Handling Schema Evolution and Data Quality
Schemas are rarely static in high-growth environments, so your Silver layer transformations must be resilient to change. Using tools that support schema evolution allows your pipelines to adapt when new columns are added at the source. However, you should still implement explicit checks to prevent breaking changes from propagating further.
Expectation testing is a great way to ensure Silver layer quality. You can define rules such as ensuring a user ID column is never null or that a price column never contains negative values. Records that fail these tests can be diverted to a separate quarantine table for manual investigation by the engineering team.
The Gold Layer: Business-Ready Aggregates
The Gold layer represents the final stage of the Medallion architecture, where data is prepared for consumption by end-users. Unlike the Silver layer, which focuses on entities, the Gold layer focuses on business logic and performance. This is where you calculate complex metrics and build specialized tables for specific departments.
Data at this level is often organized into star schemas or flat tables that are optimized for fast querying. Because the heavy computation has already been performed during the transformation, these tables can be queried by BI tools and dashboards with minimal latency. This decoupling of transformation and consumption is key to a responsive data platform.
Gold tables are often project-specific and highly curated. While the Silver layer provides a general-purpose view of a customer, a Gold table might specifically calculate the lifetime value of customers for the marketing team.

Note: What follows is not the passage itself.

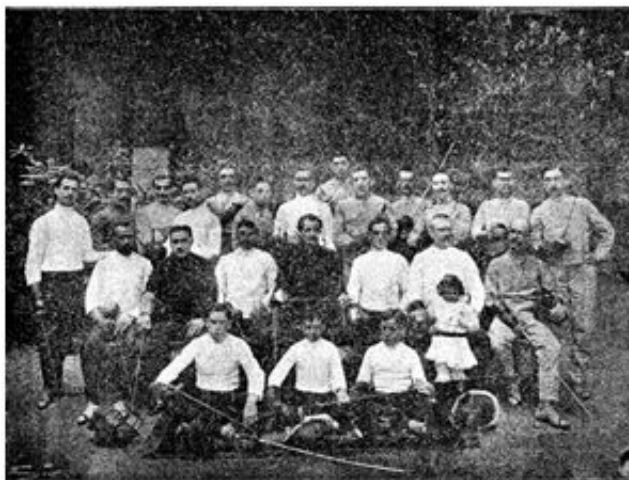
Los profesores y un grupo de alumnos del Gimnasio Solé

El Gimnasio Solé de Barcelona fue mucho más que un gimnasio, fue el lugar donde nacieron los más destacados clubs y entidades polideportivas, así como medios de comunicación y multitud de iniciativas en el ámbito del regeneracionismo en (o desde) la educación física, el deporte y el higienismo.

This allows different teams to have their own optimized views of the data without cluttering the core entities.
1from pyspark.sql.functions import col, sum, count, window
2
3def create_gold_sales_summary(silver_orders_path, gold_output_path):
4 # Load the cleaned and validated data from the Silver layer
5 silver_df = spark.read.format("delta").load(silver_orders_path)
6
7 # Perform complex aggregations for the business reporting layer
8 gold_summary_df = silver_df.groupBy(
9 col("store_id"),
10 window(col("transaction_time"), "1 day")
11 ).agg(
12 sum("order_amount").alias("total_revenue"),
13 count("order_id").alias("order_count"),
14 sum("tax_amount").alias("total_tax")
15 )
16
17 # Write the results to a high-performance table for BI tools
18 gold_summary_df.write.format("delta") \
19 .mode("overwrite") \
20 .save(gold_output_path)Optimizing for Query Performance
Performance in the Gold layer is achieved through techniques like Z-ordering and data skipping. Since these tables are meant for frequent access, you should optimize the physical layout of the files based on common query patterns. This ensures that a dashboard loading a year of data can do so in seconds rather than minutes.

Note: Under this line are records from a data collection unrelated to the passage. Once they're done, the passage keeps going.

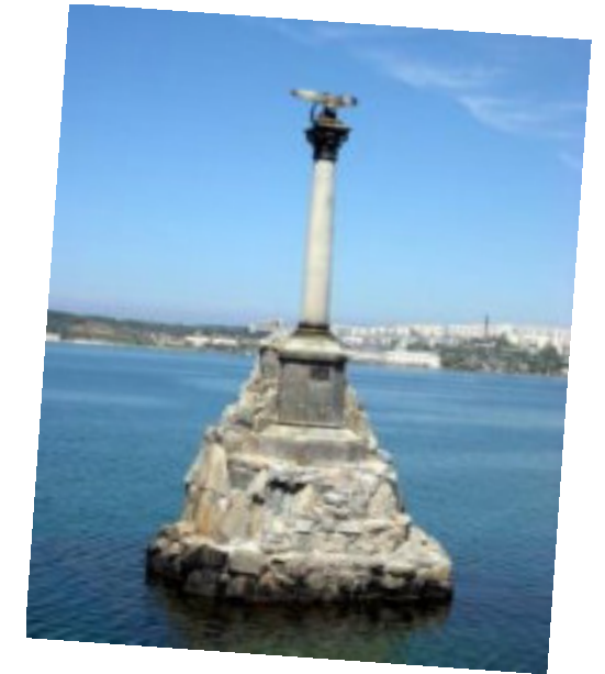
Памятник затопленным кораблям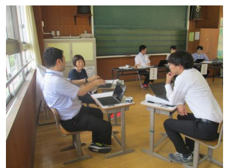
学校支援訪問授業研究会 3, 4年体育 (6/19)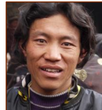
Responsable du Poste de soins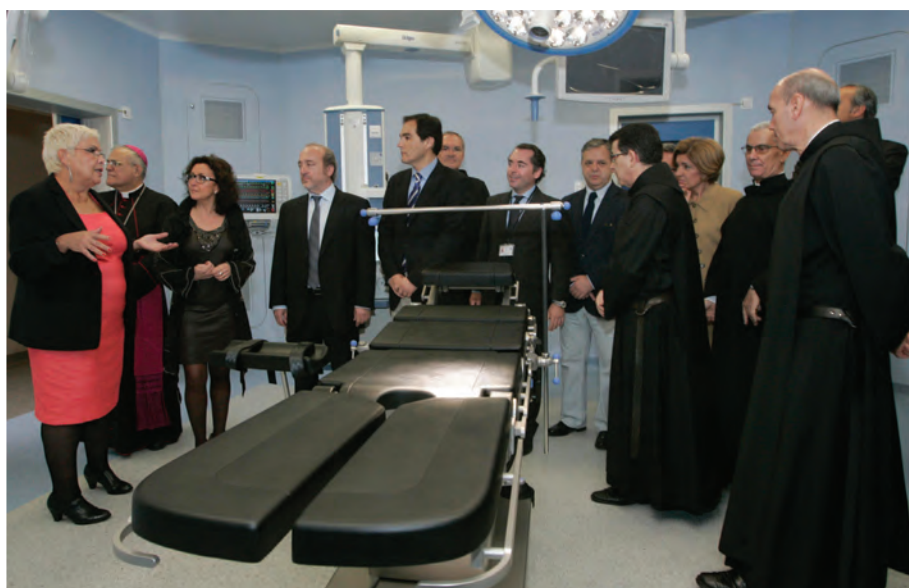
Explicación durante el acto de inauguración del Sn Juan de Dios en Córdoba

Consider using materialized views or indexed tables if your data platform supports them. These features can significantly speed up the retrieval of the pre-calculated aggregates stored in the Gold layer. Always monitor the query plans of your most important reports to identify opportunities for further tuning.

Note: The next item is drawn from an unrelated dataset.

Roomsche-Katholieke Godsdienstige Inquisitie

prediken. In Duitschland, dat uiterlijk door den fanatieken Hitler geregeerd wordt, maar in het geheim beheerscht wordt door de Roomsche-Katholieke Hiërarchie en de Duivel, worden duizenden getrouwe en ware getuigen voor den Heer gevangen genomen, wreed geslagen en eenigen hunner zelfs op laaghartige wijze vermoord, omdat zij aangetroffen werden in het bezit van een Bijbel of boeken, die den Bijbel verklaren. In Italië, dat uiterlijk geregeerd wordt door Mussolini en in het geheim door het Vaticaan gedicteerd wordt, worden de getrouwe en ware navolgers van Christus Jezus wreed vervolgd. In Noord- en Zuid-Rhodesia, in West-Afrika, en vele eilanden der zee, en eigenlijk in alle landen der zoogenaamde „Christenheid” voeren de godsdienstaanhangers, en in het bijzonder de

Observability and Maintenance of the Pipeline
Building a Medallion architecture is not a set-it-and-forget-it task. You need robust monitoring to track the health of each layer and the latency of the data moving through them. If the Bronze layer is filling up but the Gold layer is not updating, you need immediate alerts to diagnose the bottleneck.
Data lineage tools are invaluable for understanding how a specific metric in a Gold table was calculated from raw Bronze files. This visibility helps build trust with stakeholders and makes it easier to trace the root cause of data discrepancies. When a business leader questions a number, you should be able to show the exact transformation path.
Finally, remember that the goal of this architecture is to provide value to the business. Periodically review your Gold tables to see if they are still being used and if they still meet the needs of the consumers. Decommissioning unused tables and refining existing ones ensures that your data lake remains a streamlined and useful asset.